(Source data begins)

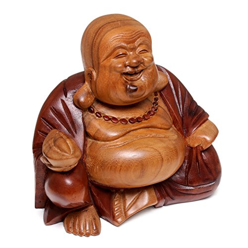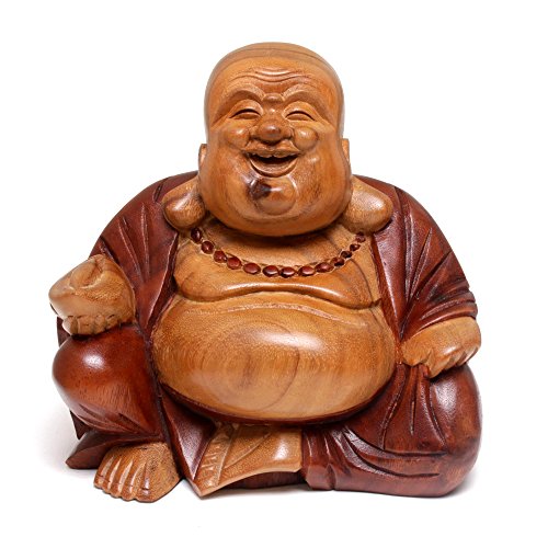 NOVICA Hand Carved Natural Acacia Wood Buddha Sculpture, 8" Tall, 'Buddha Laughs'
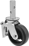 The large stem on these casters fits into scaffold frames and round tubing. All casters have a total lock that brakes the wheel and locks the swivel in one operation.
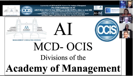 8月1日-2日,由美国管理学会(Academy of Management, AOM)的管理咨询分会 (Management Consulting Division, MCD)、组织沟通与信息系统分会(Organizational Communication and Information Systems, OCIS)主办,我校人工智能与变革管理研究院协办的2020美国管理学会年会前会-2020人工智能大会在线上举办。信息系统研究领域顶级刊物《MIS Quarterly》主编Arun Rai教授、《Information Systems Research》主编Alok Gupta教授应邀为大会作主旨报告,《MIS Quarterly》前主编Carol Saunders教授以及来自MISQ, ISR, JMIS(Journal of Management Information Systems), Management Science等顶级期刊的多名资深编辑参加会议并作学术报告。
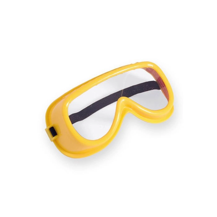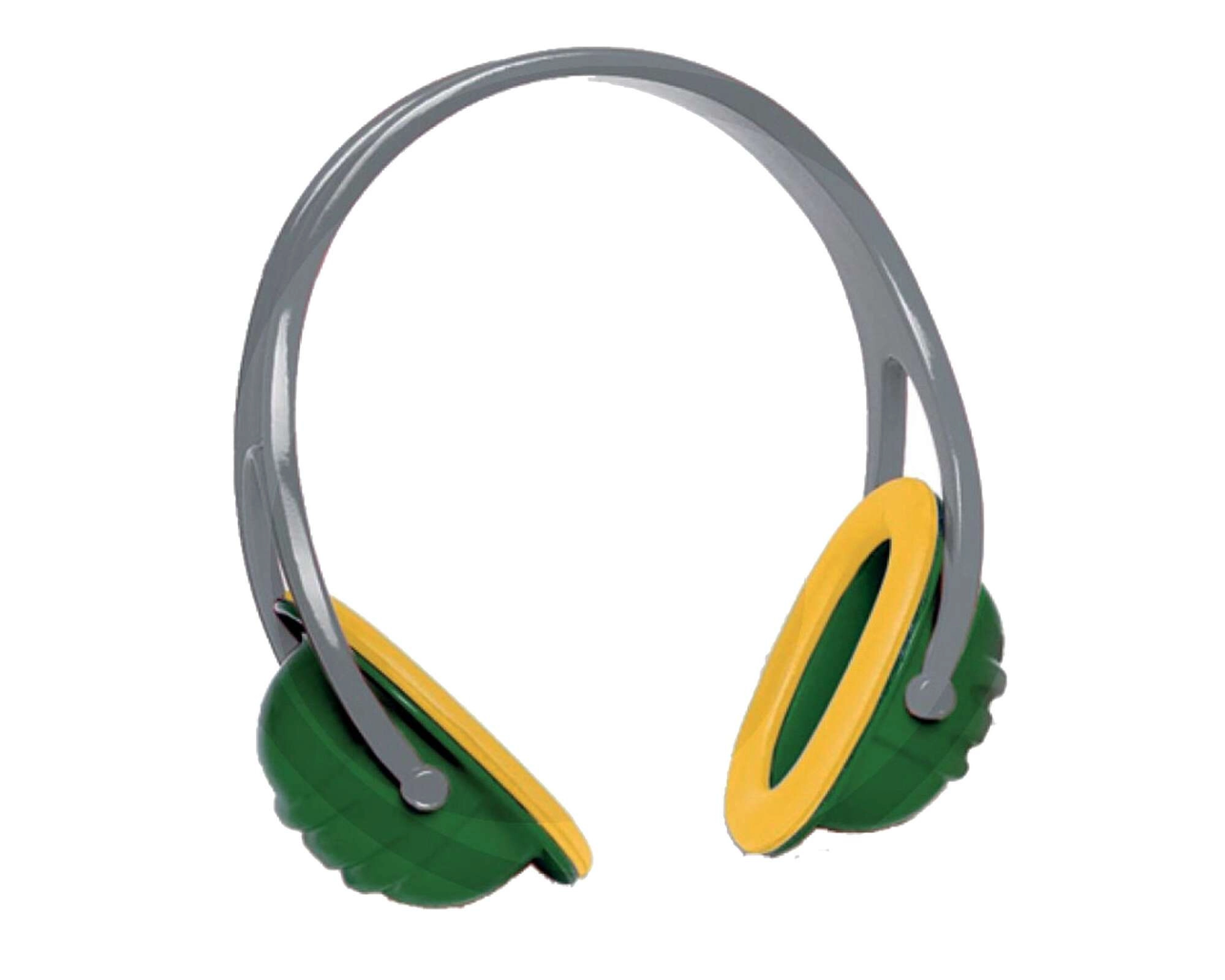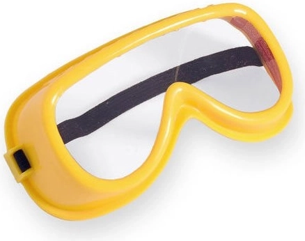 Gele bril met transparante kunststof glazen en elastische band, aangevuld met lichte gehoorbeschermers in groen-gele uitvoering voor een nog realistischer speelervaring.
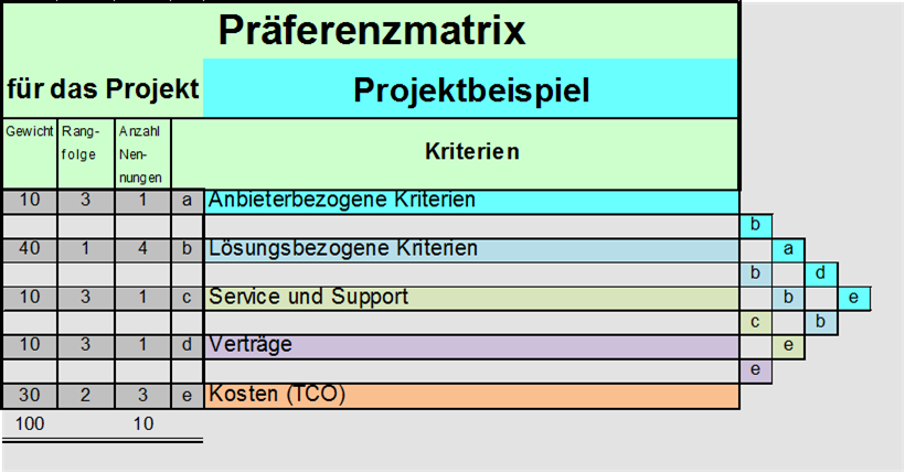 Eine etwas andere Darstellung eines paarweisen Vergleichs ist die Präferenzmatrix.
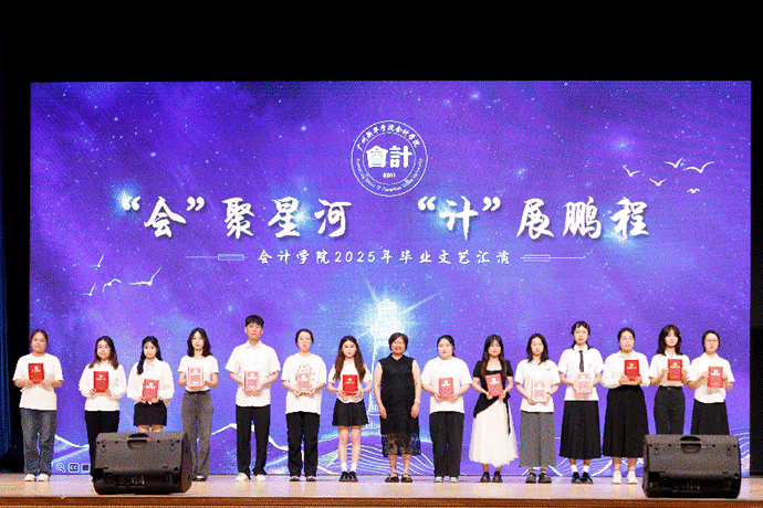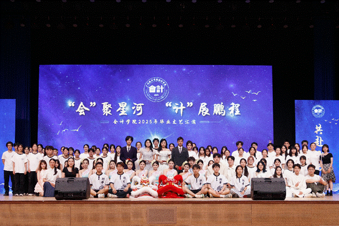 “会”聚星河,“计”展鹏程。本次文艺汇演不仅为会计学院毕业学子送上师生们对于他们最真挚的祝福,更彰显了会计学院始终坚持以立德树人为根本任务,培育德才兼备、全面发展的优秀学子,树立优良的学院学风的决心。未来,会计学院将继续为“三全育人”“五育并举”体系建设做出不懈努力,让美育之花绽放于校园之中,让学子风采展现在舞台之上。
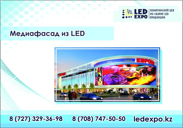 ↪ Led Expo — светодиодная продукция Казахстан Медиафасад из LED – отлично вписывается в современный городской пейзаж, служит для передачи любого вида информации и никак не влияет на прохождение в помещение дневного света.
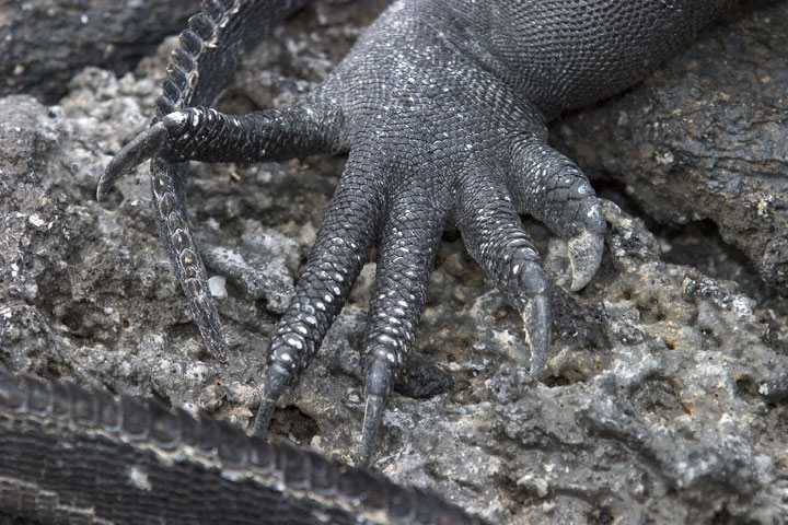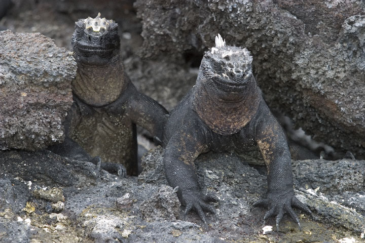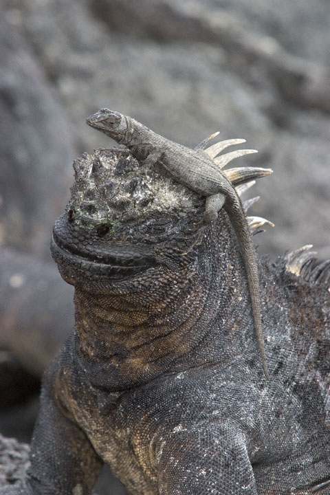| The Marine Iguana (Amblyrhynchus cristatus) is only found on the Galapagos Islands of Ecuador. This animal is highly specialized and lives on volcanic rock and sandy beaches of the islands. As the name implies, it swims freely in the cold ocean waters. The first 10 shots here just show a small collection of images of this reptile taken in July, 2003 on various islands in the Galapagos. All shots were with a Canon EOS 10D and EF 70-200mm F/2.8 L IS lens. These iguana can be differently colored from one island to another, but are mainly gray. They are larger on some islands than others as well. The 2nd shot shows a large group of iguanas basking in the sun on the dark lava rock; look closely in the bottom half of the image and you should see these guys. Shots below show various groups of iguanas, some close-ups of individuals, details of a rear foot and one shot shows a Lava Lizard (Microlophus spp.) resting on the head of a Marine Iguana. |
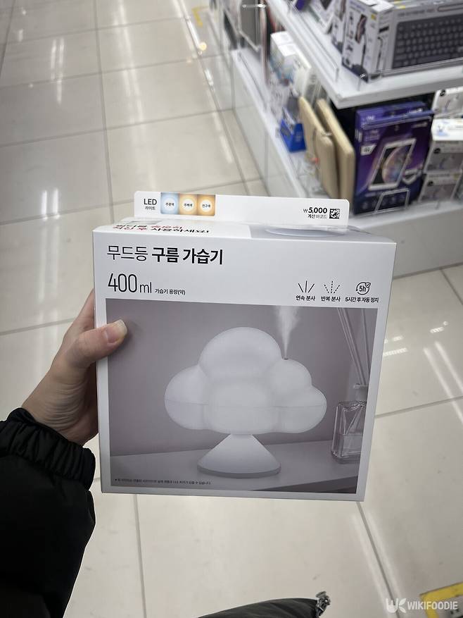 먼저 눈에 띄는 제품은 무드등 구름 가습기다. 다이소 코너에서 조명 소품처럼 진열돼 있어 지나가다 한 번 더 보게 되는 제품이다. 둥근 외형에 흰색 계열 디자인으로, 전원을 끄면 가습기보다 조명 소품에 가깝게 보인다. 책상 한쪽에 올려두면 공간을 해치지 않고 자연스럽게 어울린다.
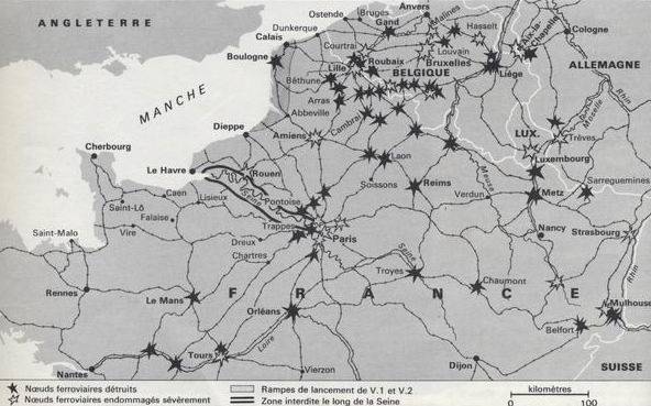 Carte des bombardements massifs préventifs pour la réussite d’Overlord.
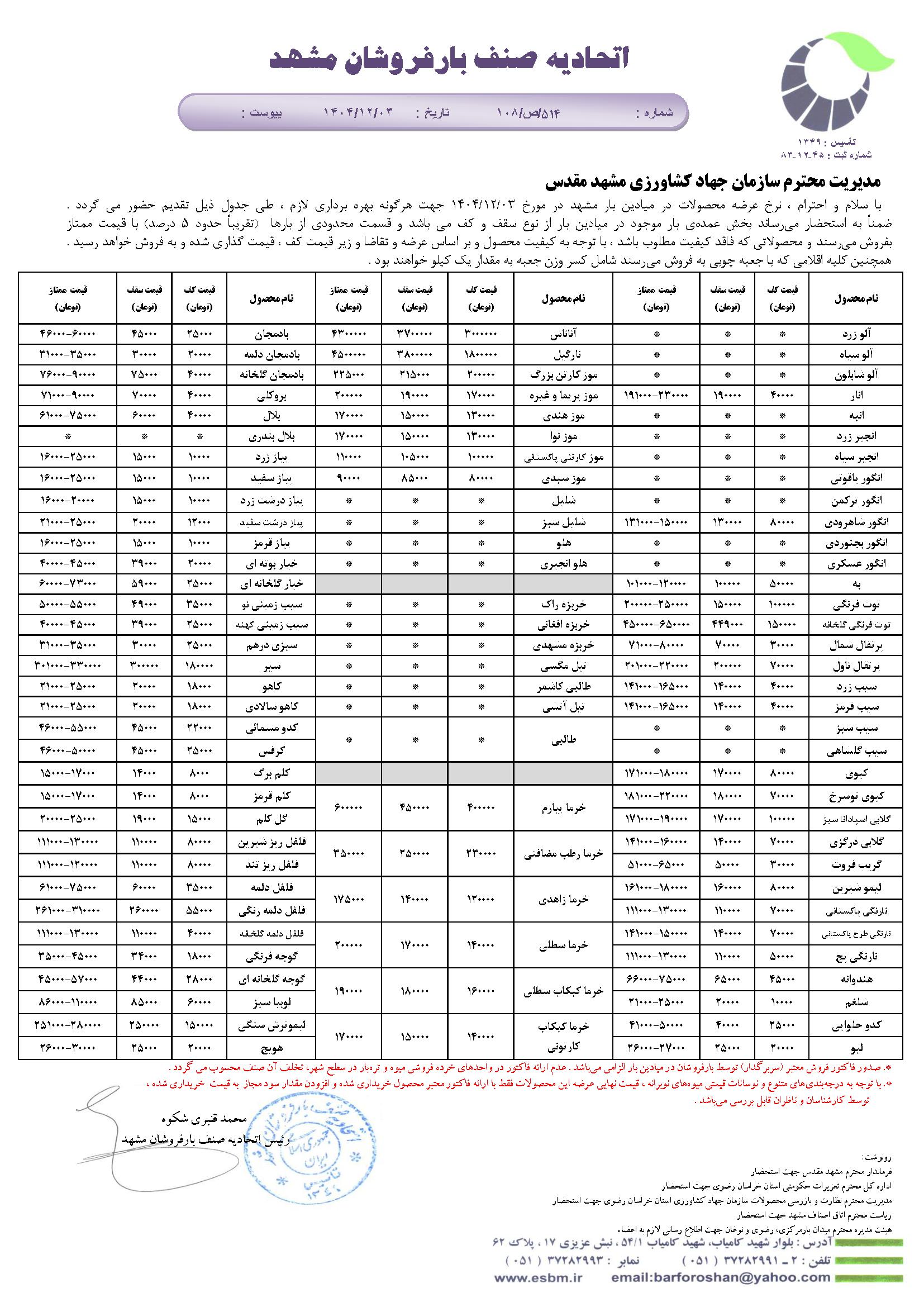 نرخنامه اعلامی 1404/05/11 [ شنبه، 11 مرداد ماه، 1404 ] 346 مشاهده
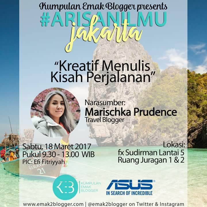 dengan Narasumber Kak Marischka Prudence yang memang seorang travel blogger
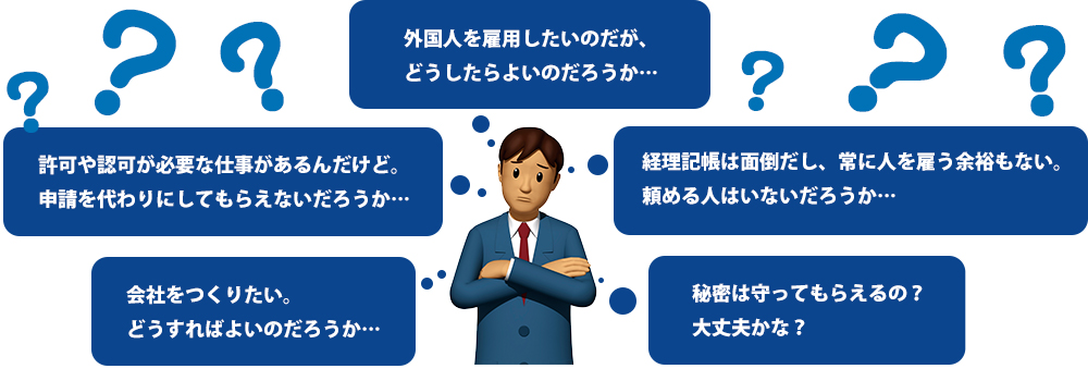 こうした各種許認可申請の手続きや更新管理を代行しています。

(Source data ends)

**Exercise objective**.
Retype each line above precisely, please. Skip anything that is a picture.

**Written response**.
 NOVICA Hand Carved Natural Acacia Wood Buddha Sculpture, 8" Tall, 'Buddha Laughs'
 The large stem on these casters fits into scaffold frames and round tubing. All casters have a total lock that brakes the wheel and locks the swivel in one operation.
 8月1日-2日,由美国管理学会(Academy of Management, AOM)的管理咨询分会 (Management Consulting Division, MCD)、组织沟通与信息系统分会(Organizational Communication and Information Systems, OCIS)主办,我校人工智能与变革管理研究院协办的2020美国管理学会年会前会-2020人工智能大会在线上举办。信息系统研究领域顶级刊物《MIS Quarterly》主编Arun Rai教授、《Information Systems Research》主编Alok Gupta教授应邀为大会作主旨报告,《MIS Quarterly》前主编Carol Saunders教授以及来自MISQ, ISR, JMIS(Journal of Management Information Systems), Management Science等顶级期刊的多名资深编辑参加会议并作学术报告。
 Gele bril met transparante kunststof glazen en elastische band, aangevuld met lichte gehoorbeschermers in groen-gele uitvoering voor een nog realistischer speelervaring.
 Eine etwas andere Darstellung eines paarweisen Vergleichs ist die Präferenzmatrix.
 “会”聚星河,“计”展鹏程。本次文艺汇演不仅为会计学院毕业学子送上师生们对于他们最真挚的祝福,更彰显了会计学院始终坚持以立德树人为根本任务,培育德才兼备、全面发展的优秀学子,树立优良的学院学风的决心。未来,会计学院将继续为“三全育人”“五育并举”体系建设做出不懈努力,让美育之花绽放于校园之中,让学子风采展现在舞台之上。
 ↪ Led Expo — светодиодная продукция Казахстан Медиафасад из LED – отлично вписывается в современный городской пейзаж, служит для передачи любого вида информации и никак не влияет на прохождение в помещение дневного света.
| The Marine Iguana (Amblyrhynchus cristatus) is only found on the Galapagos Islands of Ecuador. This animal is highly specialized and lives on volcanic rock and sandy beaches of the islands. As the name implies, it swims freely in the cold ocean waters. The first 10 shots here just show a small collection of images of this reptile taken in July, 2003 on various islands in the Galapagos. All shots were with a Canon EOS 10D and EF 70-200mm F/2.8 L IS lens. These iguana can be differently colored from one island to another, but are mainly gray. They are larger on some islands than others as well. The 2nd shot shows a large group of iguanas basking in the sun on the dark lava rock; look closely in the bottom half of the image and you should see these guys. Shots below show various groups of iguanas, some close-ups of individuals, details of a rear foot and one shot shows a Lava Lizard (Microlophus spp.) resting on the head of a Marine Iguana. |
 먼저 눈에 띄는 제품은 무드등 구름 가습기다. 다이소 코너에서 조명 소품처럼 진열돼 있어 지나가다 한 번 더 보게 되는 제품이다. 둥근 외형에 흰색 계열 디자인으로, 전원을 끄면 가습기보다 조명 소품에 가깝게 보인다. 책상 한쪽에 올려두면 공간을 해치지 않고 자연스럽게 어울린다.
 Carte des bombardements massifs préventifs pour la réussite d’Overlord.
 نرخنامه اعلامی 1404/05/11 [ شنبه، 11 مرداد ماه، 1404 ] 346 مشاهده
 dengan Narasumber Kak Marischka Prudence yang memang seorang travel blogger
 こうした各種許認可申請の手続きや更新管理を代行しています。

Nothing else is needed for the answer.